When a party is brewing, it is not uncommon to find whipped cream traps hidden in supermarket caddies between bottles and snacks. This craze for these pastry utensils is not explained by a desire for gluttony but a search for euphoria. More than the sweet cream, it is more the nitrous oxide cartridges that are screwed into the siphons that are of more interest to young people.

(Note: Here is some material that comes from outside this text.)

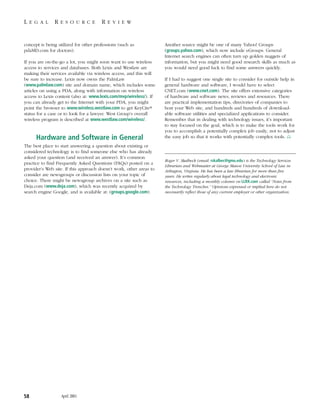This document provides resources for finding reviews of legal software and hardware. It begins by recommending the Lawyerware site for reviews across various legal practice areas. Other review sources mentioned include Law Office Computing magazine, Law Technology News, the ABA and Virginia Bar Association websites. The document also discusses legal content and applications available for PDAs, as well as wireless access to legal databases. It recommends CNET.com as a general technology resource for hardware, software and implementation tips.

“To have giggles” while inhaling laughing gas puffsor “proto”, as its aficionados call it, is it a new phenomenon? “No, objected Dr Laurent Karila, psychiatrist specializing in addictions. It’s just that we talk more about it because the phenomenon is more visible, in particular with the deaths recorded in the United Kingdom”. Across the Channel, where the trend for laughing gas is exploding, misuse and repeated consumption would have caused the death of 17 people between 2006 and 2012.
But what exactly do we reproach with this gas? If the inhalations give initially hilarious effects (voice which changes, hearing and visual distortion, giggles), they also involve side effects: “the lips and the wings of the nose burn, one can have headaches, nausea, vomiting and note muscle weakness, “says our expert.
Worse, repeated and too frequent use of nitrous oxide can lead to heart problems, high blood pressure and neurological disorders in some people.
Not a source of addiction
Can a single take still have these harmful consequences? “An isolated take is a priori without seriousness, but it all depends on the state of health of the user, underlines Dr. Karila. In other words, the zero risk does not exist.” We cannot say that only one use is excluded from undesirable effects “.
If all danger is not removed, it would be wrong to consider nitrous oxide as a drug. A drug induces changes in the nervous system and is a source of addiction, adds the addictologist. However, “nitrous oxide is not a source of addiction, it is rather the behavior that there is around which can become an addiction”, if one gets into the habit of inhaling it at home by example.
Thanks to Dr Laurent Karila, addictologist psychiatrist and vice-president of SOS addictions.